I love this new world of business where if it were popular enough the hip Bronco name could be applied to a Miata like tiny roadster if that were suddenly the next hot segment. Ford should have just called the original Mustang a Galaxie 260 for that matter, what fools! They could have created a sub brand!
In 1964 the Ford Galaxie had a little over 5 years of brand equity behind it. Hardly legendary. In 2022, the Ford Mustang has eclipsed all other car based Ford models easily, with over a 50 year production run. It takes equity like that to create a sub brand. Too bad that Ford didn’t figure this stuff out before they took the Thunderbird out to be euthanized.
I bought an 87 LX 4cyl 5speed hatch new in June 87. It took a year or two for me to realize just how slow it was, since it replaced a well worn 76 Ford Courier.
The Mustang was a good car, very reliable and running perfectly when I sold it 9 years and 110,000 miles later.
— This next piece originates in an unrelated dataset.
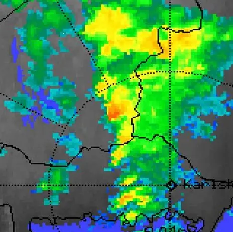 Radarbild från klockan 13:45 den 22 augusti 2012. Ett krokformat radareko syns i trakten av Rävemåla i sydöstra Småland. Den typen av radareko är en indikation på att tromber kan ha förekommit.

The only issue was with the paint: It was a deep blue metallic, and some of the blue dye seemed to bleed on top of the metallic, leaving lots of 1/4″ dark blue blotches all over it.
Craig, I do remember Mustangs of our era that were of dark colors having issues with blotchy paint. I was glad mine was “Oxford White”, for that matter. I remember the burgundy color being one of the worst offenders, with large blotches of paint on the horizontal surfaces worn off.
Mechanically, my ’88 2.3L was pretty rock solid. A/C issues aside (which were fixed), I needed a new belt tensioner at some point, and the rag joint where the rack met the pinion disintegrated (try expressway driving with that issue!), but that was also fixed. It was a slow, usable, fun-to-drive car that served me well and looked pretty good while doing it.
I too pile the Sedan/Coupe with trunk looks .
Too bad you found it too slow, was it marketed to older people perhaps ? .
-Nate
I had a ‘94 Ranger with that same godforsaken 2.3. I tried everything to either get a little more power, or at least a little more MPG out of it. All lead to no difference. It CAN go slower though…. In reverse!
Missed your article until now. Had a 1990 4 cylinder automatic. Every other 4 cylinder/automatic car I had was a hot rod by comparison.
A V6 would’ve been tolerable. Never understood why it wasn’t offered. The 3.8 lived on a lot longer, and you also had the Vulcan 3.0.